Cyber-physical systems (CPSs) are now widely deployed in many industrial domains, e.g., manufacturing systems and autonomous vehicles. To further enhance the capability and applicability of CPSs, there comes a recent trend from both academia and industry to utilize learning-based AI controllers for the system control process, resulting in an emerging class of AI-enabled cyber-physical systems (AI-CPSs). Although such AI-CPSs could achieve obvious performance enhancement from the lens of some key industrial requirement indicators, due to the random exploration nature and lack of systematic explanations for their behavior, such AI-based techniques also bring uncertainties and safety risks to the controlled system, posing an urgent need for effective safety analysis techniques for AI-CPSs. Hence in this work, we propose Mosaic, a model-based safety analysis framework for AI-CPSs. Mosaic first constructs a Markov decision process (MDP) model as an abstract model of the AI-CPS, which tries to characterize the behaviors of the original AI-CPS. Then, based on the derived abstract model, safety analysis is designed in two aspects: online safety monitoring and offline model-guided falsification. The usefulness of Mosaic is evaluated on diverse and representative industry-level AI-CPSs, the results of which demonstrate that Mosaic is effective in providing safety monitoring to AI-CPSs and enables to outperform the state-of-the-art falsification techniques, providing the basis for advanced safety analysis of AI-CPSs.

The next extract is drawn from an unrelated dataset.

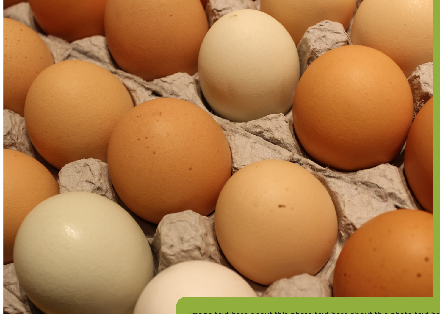
Image text here about this photo text here about this photo text here about this photo text here about this photo.

翻译：信息物理系统（CPS）现已广泛应用于制造系统、自动驾驶车辆等多个工业领域。为进一步提升CPS的能力和适用性，学术界与工业界近期出现利用基于学习的AI控制器进行系统控制过程的趋势，由此催生了新兴的人工智能赋能信息物理系统（AI-CPS）。尽管从关键工业需求指标来看，此类AI-CPS能实现显著的性能提升，但由于其随机探索特性及缺乏系统化的行为解释，基于AI的技术也给受控系统带来了不确定性和安全风险，亟需针对AI-CPS的有效安全性分析技术。为此，本文提出Mosaic——面向AI-CPS的基于模型的安全性分析框架。Mosaic首先构建马尔可夫决策过程（MDP）模型作为AI-CPS的抽象模型，旨在表征原始AI-CPS的行为特征；随后基于导出的抽象模型，从在线安全监测与离线模型引导的虚假性验证两个维度设计安全性分析。通过在多样化且具有代表性的工业级AI-CPS上进行评估，结果表明Mosaic能有效为AI-CPS提供安全监测，并在性能上超越当前最先进的虚假性验证技术，为AI-CPS的进阶安全性分析奠定基础。